**ASSIGNMENT**
Set down each line of the data below exactly as it stands, dropping the pictures.

INFORMATION SUPPLIED START

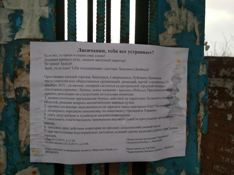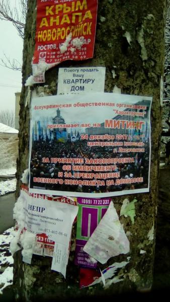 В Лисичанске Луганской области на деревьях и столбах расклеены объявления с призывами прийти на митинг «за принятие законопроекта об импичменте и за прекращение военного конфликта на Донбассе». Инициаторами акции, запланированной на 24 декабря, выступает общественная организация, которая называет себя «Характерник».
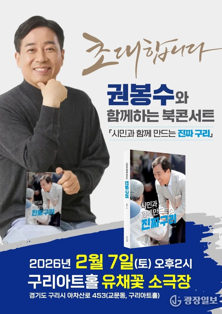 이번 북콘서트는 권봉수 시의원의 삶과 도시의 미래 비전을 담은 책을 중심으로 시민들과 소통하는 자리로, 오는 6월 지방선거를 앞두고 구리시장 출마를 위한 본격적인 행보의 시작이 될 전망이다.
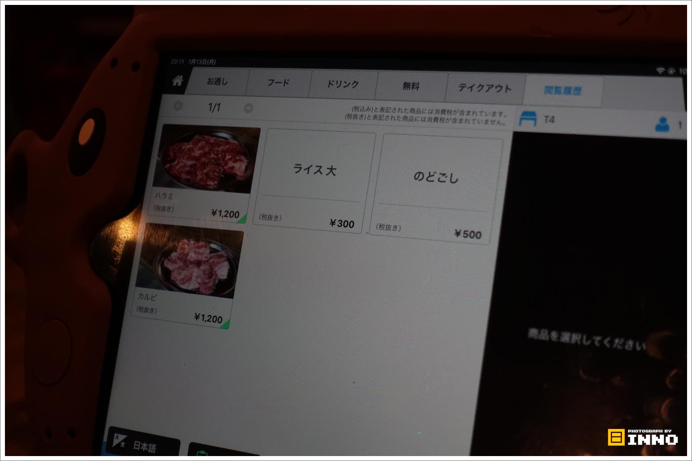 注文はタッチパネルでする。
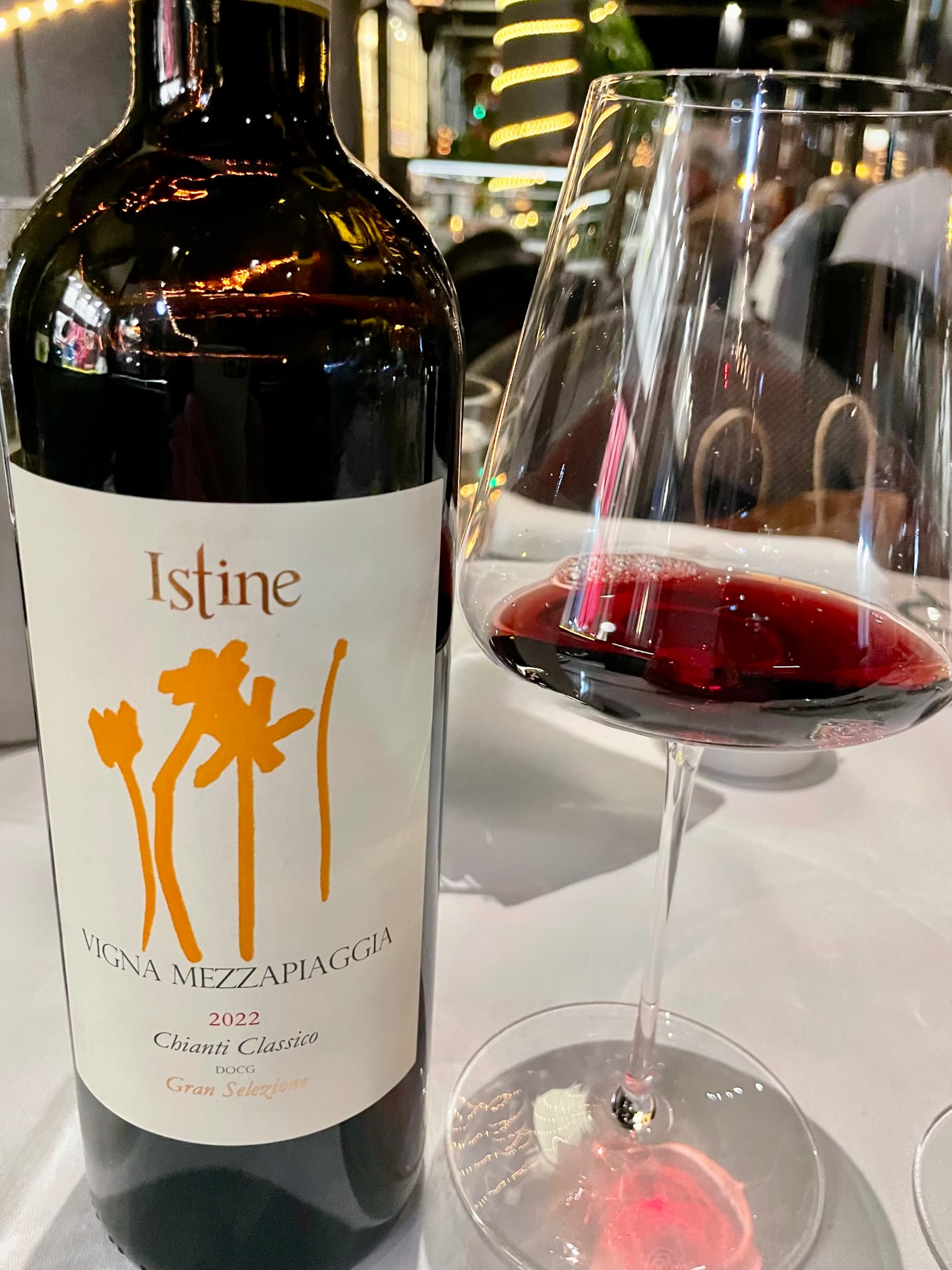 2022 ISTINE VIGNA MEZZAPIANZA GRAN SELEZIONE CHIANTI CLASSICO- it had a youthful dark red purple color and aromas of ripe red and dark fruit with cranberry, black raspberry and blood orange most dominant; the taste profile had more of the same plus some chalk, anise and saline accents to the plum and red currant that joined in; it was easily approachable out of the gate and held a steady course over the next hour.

INFORMATION SUPPLIED END

**RESPONSE AREA**
 В Лисичанске Луганской области на деревьях и столбах расклеены объявления с призывами прийти на митинг «за принятие законопроекта об импичменте и за прекращение военного конфликта на Донбассе». Инициаторами акции, запланированной на 24 декабря, выступает общественная организация, которая называет себя «Характерник».
 이번 북콘서트는 권봉수 시의원의 삶과 도시의 미래 비전을 담은 책을 중심으로 시민들과 소통하는 자리로, 오는 6월 지방선거를 앞두고 구리시장 출마를 위한 본격적인 행보의 시작이 될 전망이다.
 注文はタッチパネルでする。
 2022 ISTINE VIGNA MEZZAPIANZA GRAN SELEZIONE CHIANTI CLASSICO- it had a youthful dark red purple color and aromas of ripe red and dark fruit with cranberry, black raspberry and blood orange most dominant; the taste profile had more of the same plus some chalk, anise and saline accents to the plum and red currant that joined in; it was easily approachable out of the gate and held a steady course over the next hour.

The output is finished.